Pienso en el consentimiento insondable e incondicional de Biden a todo lo que Israel hace y dice: sin límites, ninguna atrocidad demasiado horrible, ninguna violencia demasiado grande, ninguna afrenta demasiado humillante, ningún crimen digno de castigo. Junto a él, todos los líderes del Congreso, demócratas y republicanos. Todos los secretarios, asesores y enviados mentirosos e hipócritas. Todos los vetos a las resoluciones de alto el fuego de la ONU. Siento que una gran ira crece en mí. La rabia crece en mí.
Los budistas no debemos tener miedo de nuestra ira. No debemos reprimirla ni negarla. Debemos experimentarla, conocerla plenamente. Entonces sabremos cómo utilizarla y transformarla. Sabremos qué tiene que ver con el amor.
Ira, violencia y amor. ¿Estoy canalizando a una deidad colérica cuya ferocidad es una forma de gran compasión? ¿O soy simplemente un activista enojado que debería sentarse en silencio por un rato?
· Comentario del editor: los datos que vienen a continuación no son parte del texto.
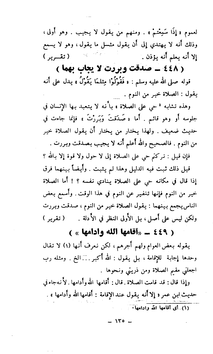 وهذه تشابه ((حي على الصلاة)) بأَنه لا يتعبد بها الإِنسان في جلوسه أَو وهو قائم. أَما ((صَدَقتَ وَبَررْتَ)) فإِنما جاءت في حديث ضعيف. ولهذا يختار من يختار أن يقول الصلاة خير من النوم. فالصحيح والله أَعلم أَنه لا يجيب بصدقت وبررت.
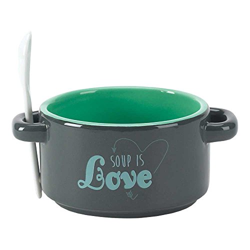 Soup is Love 14 Oz. Black and Teal Ceramic Dolomite Soup Bowl with Spoon
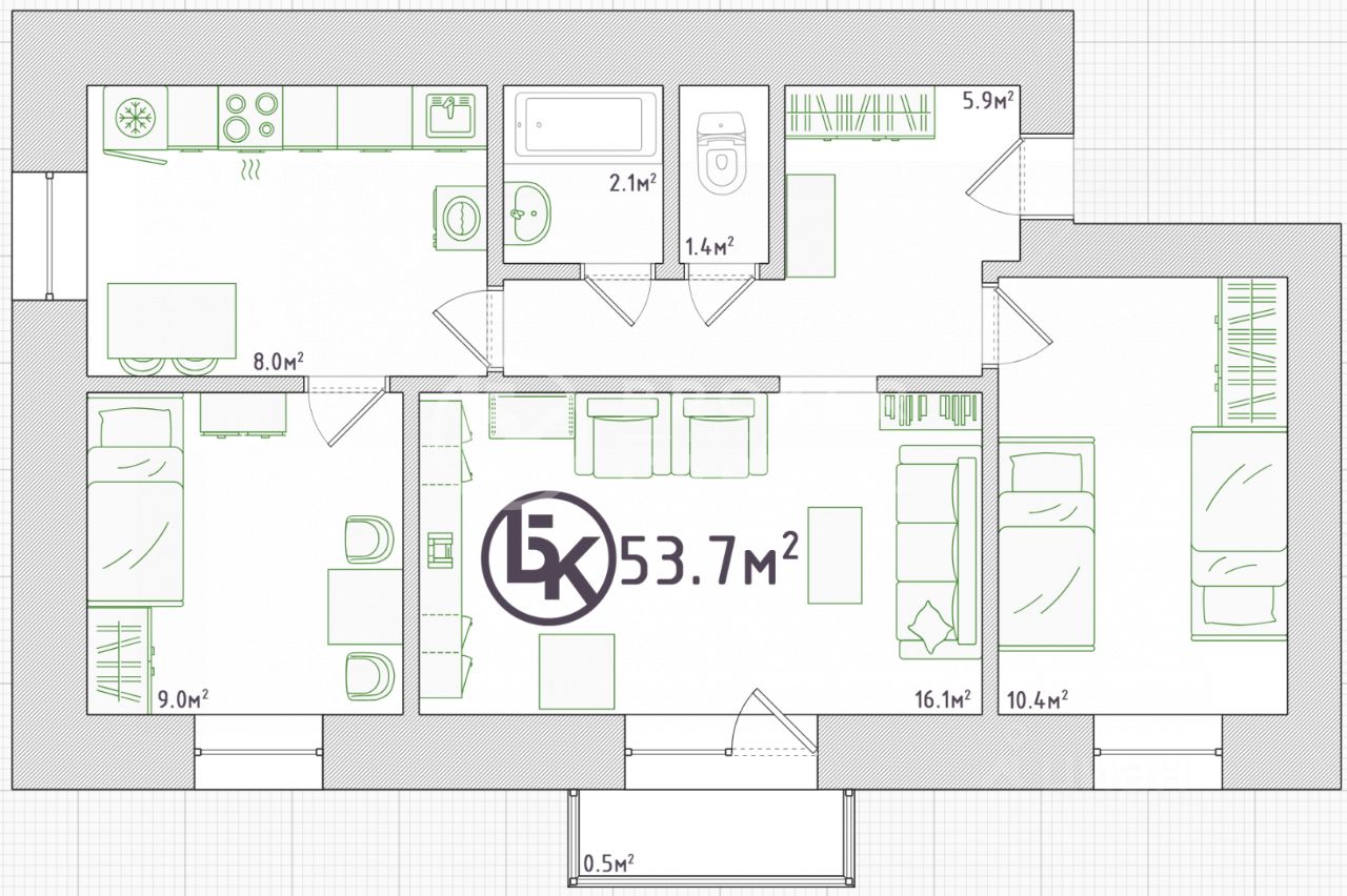 54 м² · Этаж 5 из 9
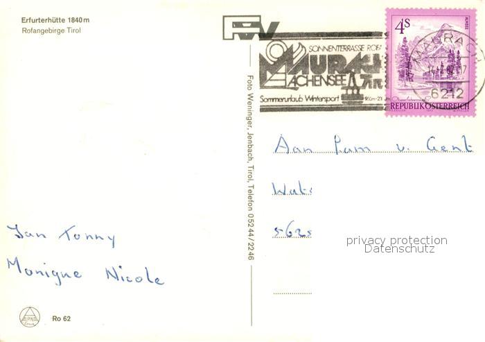 73066249 alte Postkarte Erfurterhuette Rofangebirge Rotspitze postalisch gelaufen Erhaltung siehe scans [NatalD47] KatCode: 11390335070907
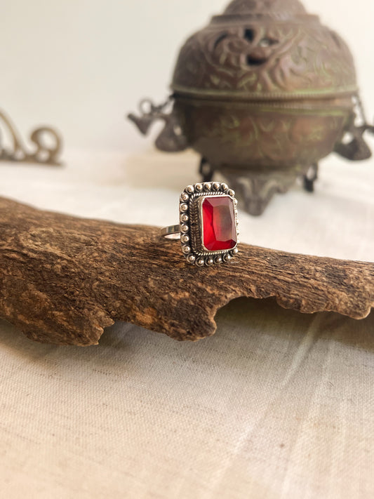 Kashish silver ring with square red onyx (adjustable)
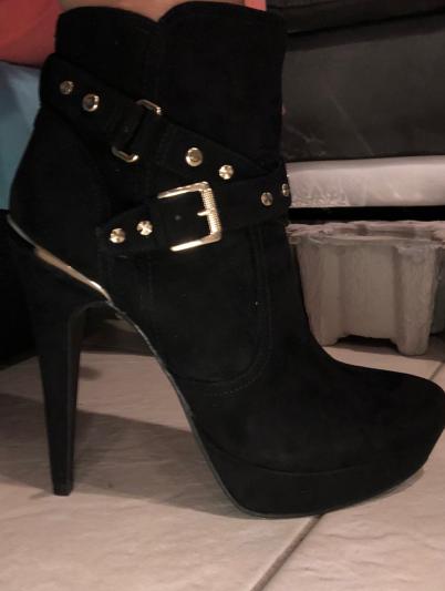 • Round-toe platform ankle booties with zipper closure
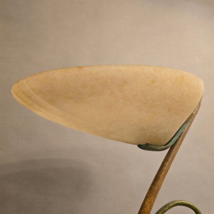 een klassieke topper. Prachtig vloerlamp met een getrokken buis statief, uitgevoerd in Brons Patiné, met oxide elementen en een origineel ovaal gevormd up light glas. Een juweeltje.
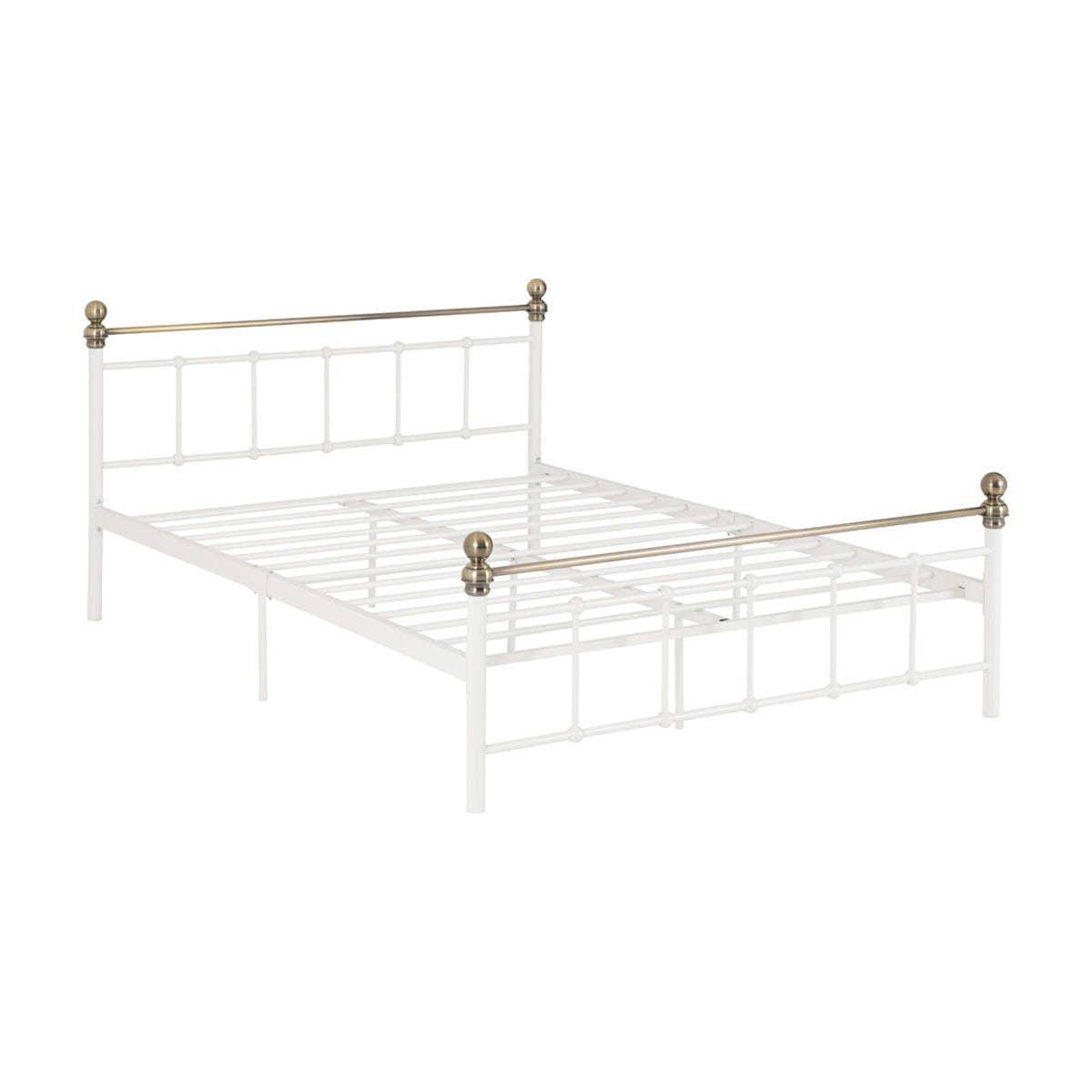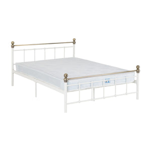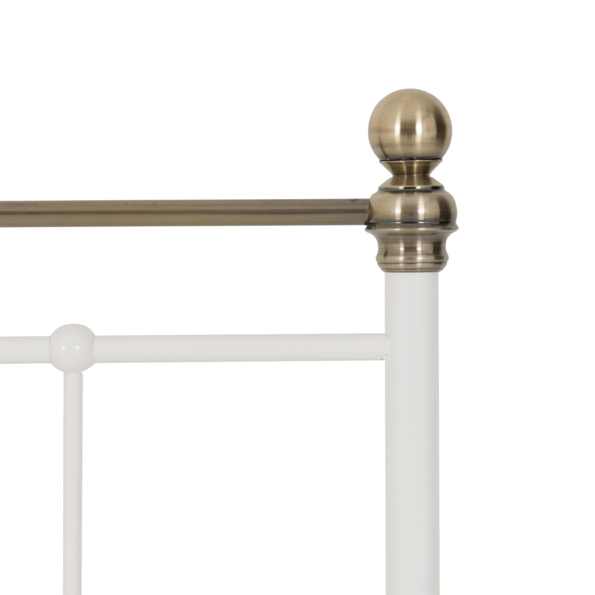4FT6 Marlborough 4FT6 Bed - White/Antique Brass:
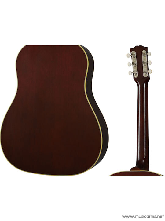 Gibson 1942 Banner J-45 เป็นการอุทิศให้กับกีตาร์ J-45 ในตำนานที่นักดนตรีหลงรักมาหลายยุคสมัย ผลิตขึ้นอย่างประณีตโดยใช้ไม้ Thermally Aged Adirondack red spruce สำหรับไม้หน้า พร้อมเคลือบซันเบิร์สต์แบบดั้งเดิมโดยการพ่นมือ ด้านข้างและด้านหลังเป็นไม้ Mahogany ที่เพิ่มความอบอุ่นและความลึกให้กับเสียง ในขณะที่โครงสร้างภายในแบบ Traditional hand-scalloped X-bracing พร้อมกาวหนังร้อน (hot hide glue) ช่วยให้กีตาร์มีการสั่นสะเทือนและโปรเจกชันของเสียงที่ยอดเยี่ยม กีตาร์อะคูสติกตัวนี้เป็นเครื่องยืนยันถึงมรดกแห่งงานฝีมือและนวัตกรรมของ Gibson

He conocido el abuso, la crueldad y la violencia en el pequeño mundo de la familia así como en los grandes escenarios de la política y el poder, y he visto cómo se relacionan: lo íntimo y lo público, lo personal y lo político.
Las palabras de una oración Metta, escrita por la difunta y querida maestra zen Maylie Scott, se repiten en mi mente: “Que pueda saber que mi paz y la paz del mundo no están separadas; que nuestra paz en el mundo es el resultado de nuestro trabajo por la justicia”.
Busco la bondad. Como un misil que busca el calor, acudo a las radiantes enseñanzas del budismo sobre la compasión. Avalokiteshvara, toma mi mano con una de las tuyas. ¿Qué debo hacer con mi ira? ¿Qué debo hacer con mi amor?